The objective was to determine if 3-axis accelerometers could be used to predict daily activity for cattle grazing rangeland. There were 48 Hereford × Angus 2-yr-old low- or high-residual feed intake (LRFI or HRFI) cows used in this 2-yr trial. Cattle grazed in 4 pasture treatments consisting of continuously grazed, control (CCON); continuously grazed, supplemented (CTRT); rotationally grazed, control (RCON); and rotationally grazed, supplemented pastures (RTRT). Three LRFI- and 3 HRFI-collared cows in each treatment had accelerometers mounted for 29 d in 2016 and 45 d in 2017, beginning mid-October. Grazing time (GT), resting time (RT), and walking time (WLK) were obtained for each cow by direct observation over 3 d each year and compared with accelerometer predicted behavior. In 2016, 1.6% of the days were rejected for halter-mounted accelerometers and 3.6% were rejected in 2017 for collar-mounted accelerometers.

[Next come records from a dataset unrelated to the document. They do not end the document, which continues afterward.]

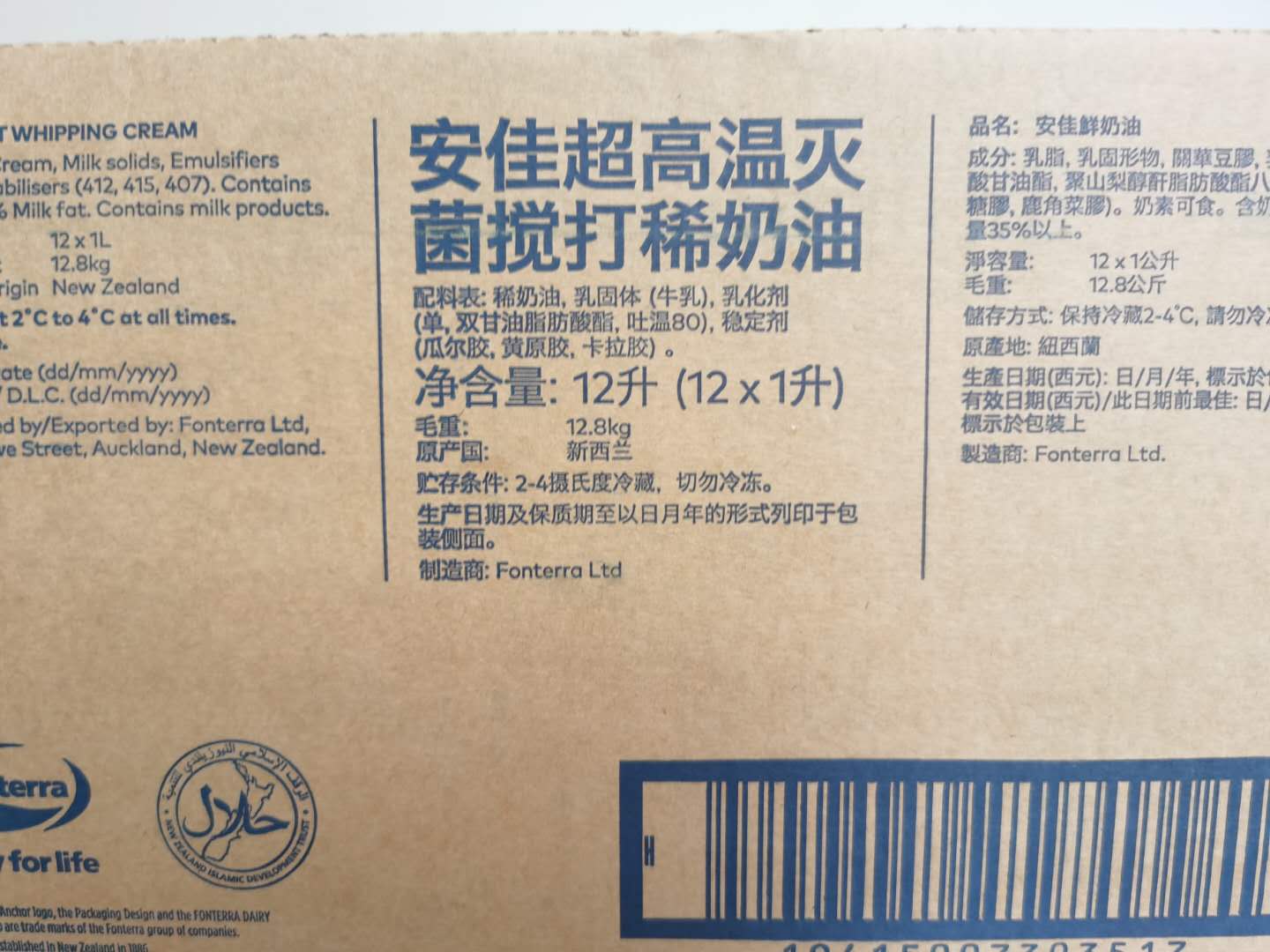 The whole box of Anjia light cream animal decorative cream 1L cake dessert milk cover egg tart and other baking materials
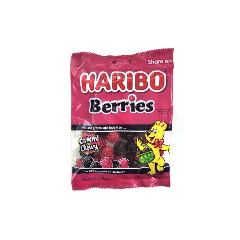 Haribo Berries Crunch and Chewy Gummy Candy (2 Pack) with 2 Gosutoys Stickers
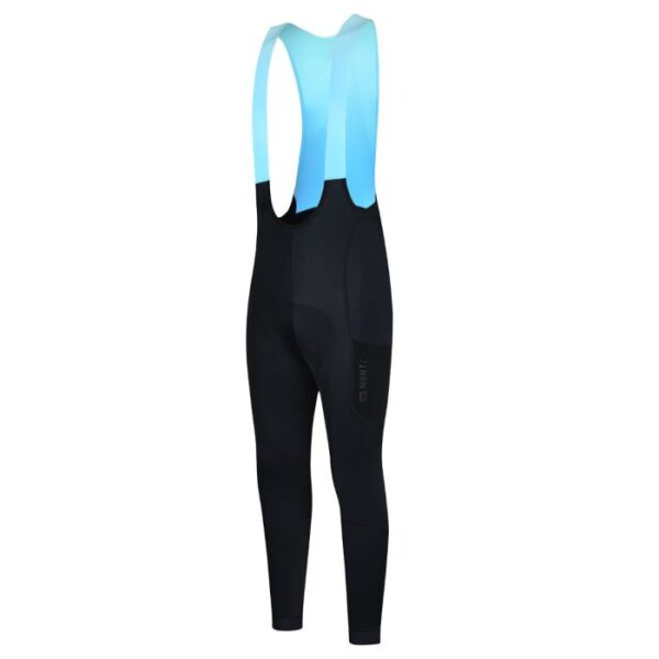 Culote largo con tirantes de ciclismo de compresión negro Monton para hombre con acolchado y 2 bolsillos laterales para almacenamiento, ideal para protegerse en días frios pero no extremos.
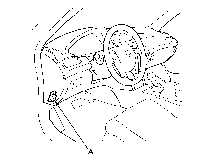 When the Honda Diagnostic System (HDS) is connected to the data link connector (DLC) (A) located under the driver's side of the dashboard, it will indicate the diagnostic trouble code (DTC) when the ignition switch is turned to ON (II) and the appropriate menu is selected.
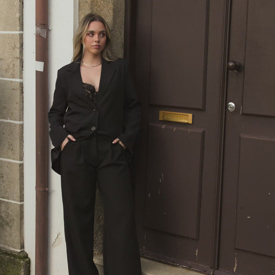 Suit consisting of trousers and blazer. The trousers are straight cut, have an elasticated waistband with belt loops, fasten with a zip and button, and have pockets. The blazer is oversized, fastens with two buttons, and is fully lined.
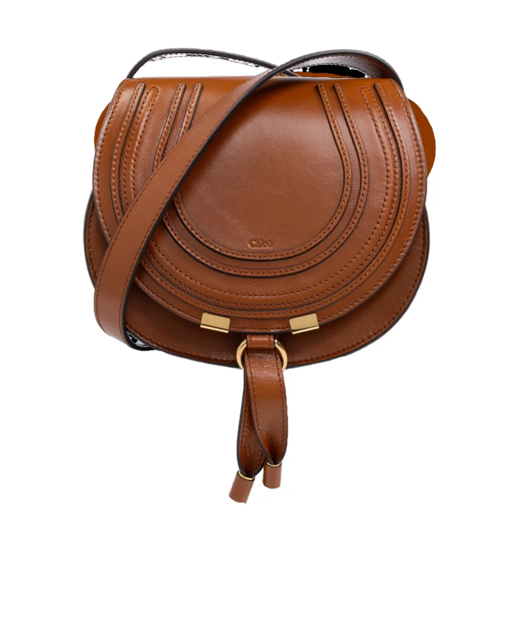 DescriptionThis small saddle bag features a round shape, gold-tone metal details, and the chloé logo on the front. It has an adjustable long shoulder strap and a practical internal compartment for cards.

The GT and RT were more accurately predicted than was WLK with the percentage error of predicted against observed data being 11.94% for RT, 13.51% for GT, and 30.13% for WLK in 2017. Less observation data were available in 2016, but when considering other sampling periods for the same cows and halters, the error rate was 15.1% for RT, 19.3% for GT, and 52.6% for WLK. The accelerometers successfully identified patterns of grazing behavior and differentiated among climatic, grazing system, supplementation status, and residual feed intake classification influences on GT, RT, and WLK. In a more moderate climate year, HRFI cattle appeared to rest less (P < 0.08) and walk more (P < 0.07) than LRFI cattle. Similar patterns were observed for cattle in the CCON versus CTRT treatments, with supplemented cattle resting more (P < 0.05) and walking less (P < 0.05). Accelerometers appear to be effective in determining mechanistic adaptations in grazing behavior by beef cattle on range.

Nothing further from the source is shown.